Advocates for undocumented immigrants are voicing concern about what appears to be a clear change in policy by U.S. Immigration and Customs Enforcement officials.

Federal data obtained by WNYC shows 44 percent of 1,395 immigrants arrested during the first five months of this year had no criminal convictions, compared to 24 percent during the same time period last year.

When asked for comment on what exactly is happening, U.S. Immigration and Customs Enforcement officials declined to be interviewed, but a spokesman for ICE, Luis Martinez, said in an emailed statement that ICE "continues to focus its enforcement resources on individuals who pose a threat to national security, public safety and border security.”

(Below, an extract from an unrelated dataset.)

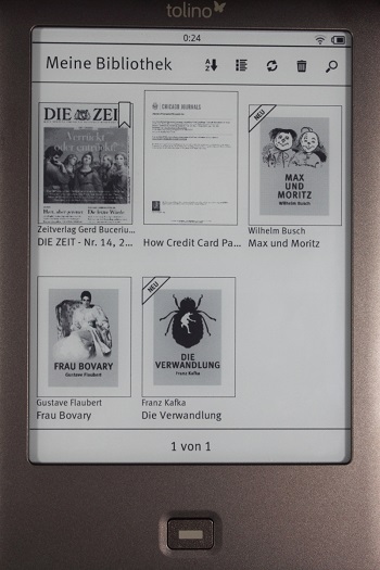 Der Toline Shine ist wenige Sekunden nach dem Zurückschieben des Powerknopfes einsatzbereit. Bis auf die Auswahl des Landes muss nichts eingerichtet werden. Das Gerät kann dann direkt genutzt werden, ein Benutzerkonto oder ähnliches wird grundsätzlich nicht benötigt. Auf dem eBook Reader sind drei Bücher vorinstalliert, so dass man direkt einen ersten Test vornehmen kann.

The statement also says “ICE conducts targeted immigration enforcement in compliance with federal law and agency policy.”

Immigration advocates disagree.

“People who are most of the time arrested on the streets and swept from their homes, they are working families,” said Chia-Chia Wang, the organizing and advocacy director of the American Friends Service Committee in Newark.

“I don’t see any of these individuals posing any kind of public or national security threats to our community.”

She said this kind of policy creates anxiety and uncertainty.

“You don’t know how they will come after you and these families constantly live in fear,” she said.

Wang noted most immigrants assume all official parts of local, county and state governments work together, “so I think that really creates unnecessary fear among these families, especially parents taking their children to school or seeking basic services.”

Johanna Calle, the program coordinator for the New Jersey Alliance for Immigrant Justice, said this rhetoric is unproductive and potentially dangerous.

She pointed out if immigrants are afraid they’re going to arrested at the drop of a hat, they will be “less likely to come to police, report crimes, be witnesses of crimes or cooperate with police to keep their communities safe.”

She said ICE seems to be suggesting that if you’re undocumented you must be a criminal.

“They’re taking the position that if you are without documentation and therefore a criminal you deserve to be picked up and put in jail and apprehended as if you are some sort of menace to society.”

She stressed this kind of policy doesn’t make sense.

“You’re looking for people who are not posing any real threat, who are actually in many cases contributing to our communities a lot more than we would think. Many of our small business owners are immigrants themselves.”